Studies like this help us understand better the structural changes that occur in RP. It would be interesting to study the natural course of the disease and assess the rate of functional loss vis-à-vis the morphological changes in the structure. This may be an important consideration for pharmaceutical interventions. Our study is an attempt to establish the markers that may help identify early structural damage before functional loss is noted. This may further help us understand how soon we need to intervene in the course of the disease for it to prevent irretrievable visual loss. Identifying these markers is important in formulating the inclusion and exclusion criterla for clinical trials in RP.

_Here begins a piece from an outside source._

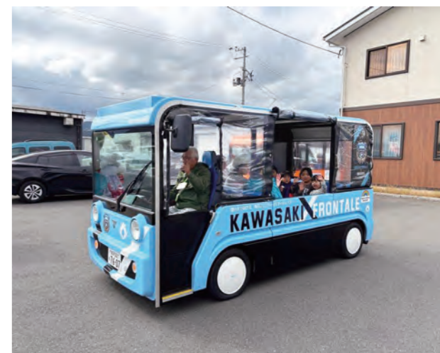
川崎フロンターレ仕様のモビタ

本年は、3台目の車両として、サッカーJ1・川崎フロンターレのチームカラーやエンブレムを随所に用いた「川崎フロンターレ仕様」のモビタを新たに導入しました。

It is hard to predict whether functional changes precede structural changes in RP. A co-registration of the MAIA and SD-OCT shows the early functional changes associated with micro-structural alterations. Issa et al27 suggested that micro-structural alterations precede functional loss, and high-resolution retinal imaging can detect this. If structural changes do precede functional loss, and it is possible to detect these changes on a high-definition imaging device, this would be of vital importance in patients with RP, as it would mean that therapy can be offered to these patients before they notice a functional visual loss. Adaptive optics may be one such imaging device that may pick up ultrafine structural changes.33 A structure function correlation between adaptive optics and microperimetry may be useful to detect the earliest structural changes in RP and other such degenerative retinal disorders.

Our study has limitations. The sample size was small, and it was a cross-sectional study. We did not have the results of genetic studies of these patients.

There is a continuous need to detect degenerative diseases like RP in its earliest stage, when therapy may be most useful and before irreversible damage has occurred. Studies like ours try to identify surrogate end points to monitor response to clinical trials before true functional loss has occurred.